We have all enjoyed the tradition of dipping apples in honey for a sweet New Year. Have you ever
wondered why we eat round challot on the High Holy Days? I did a little research and found that
some say they represent a crown that reflects our coronation of God as the ruler of the world. Others
have suggested that the circular shape represents the cyclical nature of the year.
It’s interesting that the Hebrew word for year is “shana” which has a double meaning and comes
from the Hebrew word “repeat” and also means “change”. It seems that as the years go round and
round, repeating the same seasons and holidays as the year before, we are presented with a choice.

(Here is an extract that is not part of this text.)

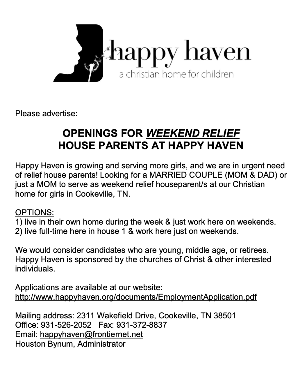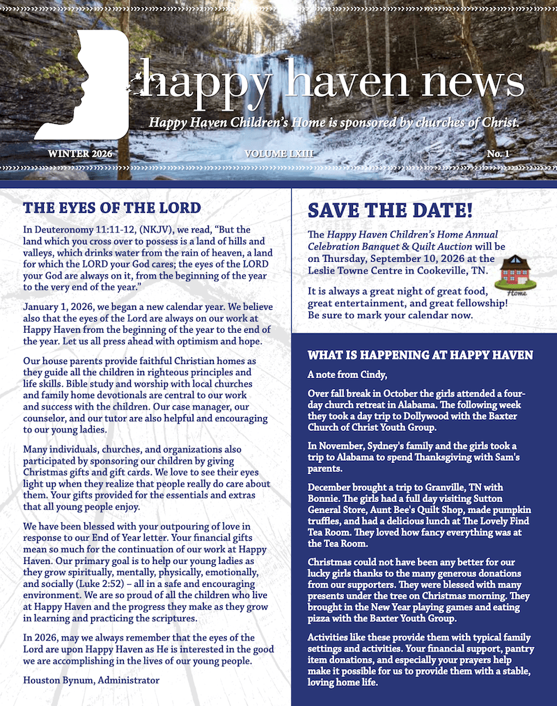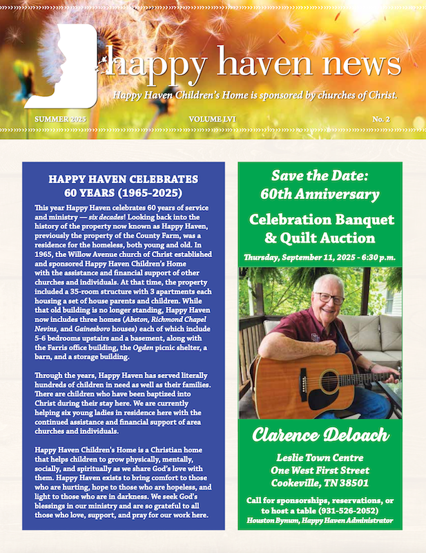 Happy Haven Homes, Inc., is licensed by the state of Tennessee as a residential child care agency and is a 501(c)(3) organization. Happy Haven does not receive state funding. This Christian group home is sponsored and supported by churches of Christ, other individuals and businesses. Happy Haven provides a safe, supportive environment for children in need (ages 5-17).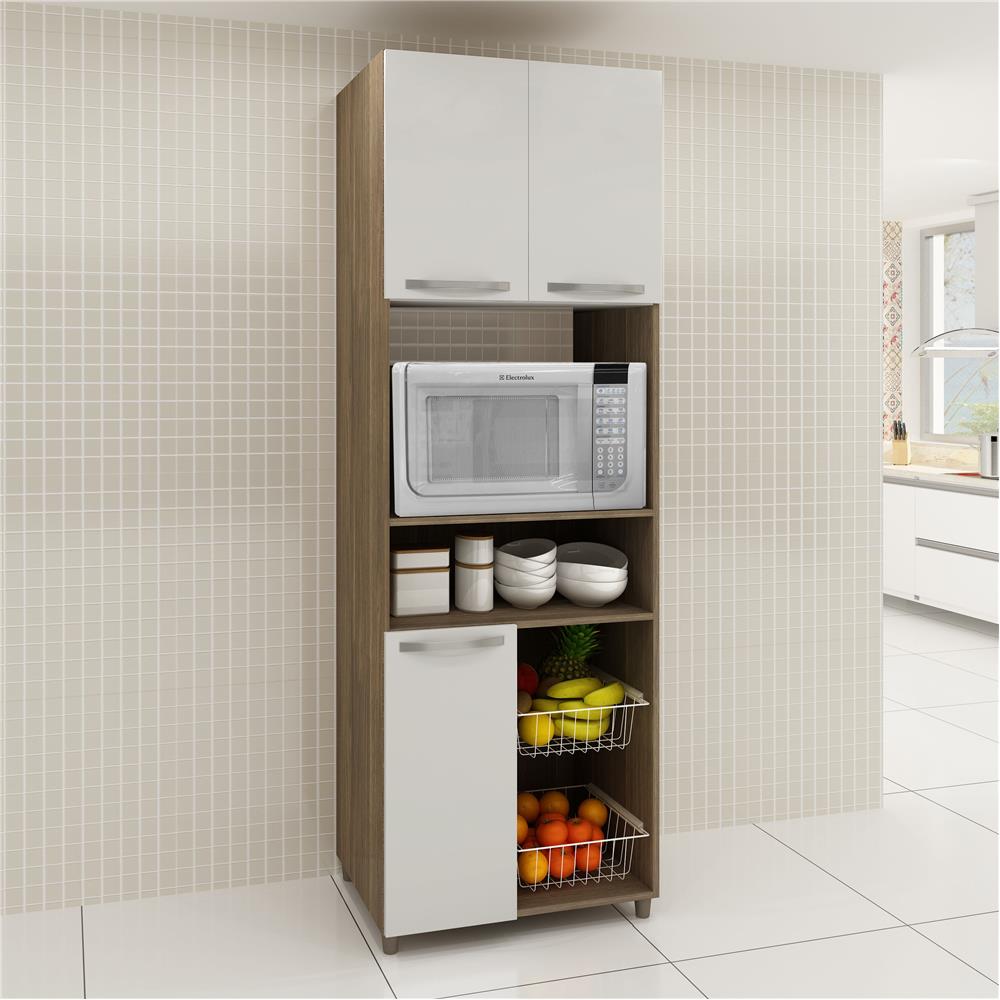 Conjunto De Armarios Star Com 3 Portas Nicho Para Microondas Itatiaia Branco Castanho Gabinetes Para Banheiro Extra 12576926

Do we
want this shana (year) to be a repetition of those before them, or do we want to make a change for the good?
When you make this recipe you’ll find that Rosh Hashanah challot are not really circles, they are
spirals. The spiral shape illustrates the climb up from repetition to a higher experience. Here’s
wishing you and yours a sweet, successful, uplifting, happy, healthy and prosperous New Year.
1-1/2 Tablespoons (TB) dry yeast
2 Teaspoons (Tsp) Sugar
1/4 Cup warm water
1/2 Cup melted margarine or butter
1/2 Cup sugar
1 Tsp Salt
1-3/4 Cup hot water (hot from tap)
7 Cups ‘High Grade’ flour + more as may be needed
2 Eggs lightly beaten
1 Cup raisins
1 Egg yolk beaten with 1 Tsp water
Dissolve 2 Tsp Sugar and yeast in 1/4 cup of warm
water. Let stand for 5 – 10 minutes (Yeast is ready when it is rising and puffy)
Stir in 1-3/4 cups water, salt, 1/2 cup sugar and
butter or margarine to yeast.
Stir in 1/2 the flour. Add eggs and beat.
Gradually add the balance of the flour and the raisins.
Knead until smooth and elastic (about 10 minutes).
Place in a greased bowl and cover with a tea towel.
Let rise until the mixture has doubled in size (1-2 hours)
Punch down the dough. Remove it from the bowl and
knead until knead until shiny and pliable.
Shaping the loaves (for two round loaves)
Divide the dough in half and then half again. You
should now have 4 equal pieces of dough.
Roll one piece into a long smooth strip. Coil this strip
into a circle place on a greased cookie sheet. Poke
the end under the circle.
Divide one of the remaining pieces into two unequal
strips 2/3 and 1/3. Roll into smooth strips.
Take the bigger of the two pieces and coil it on top of
the first then take the second piece and coil it on top
of the second. You should now have a three tiered
Do the same for the second loaf.
Preheat your oven to 190 degrees, 375 Fahrenheit or
on gas 5.
Brush the loaves with the egg yolk & water mixture.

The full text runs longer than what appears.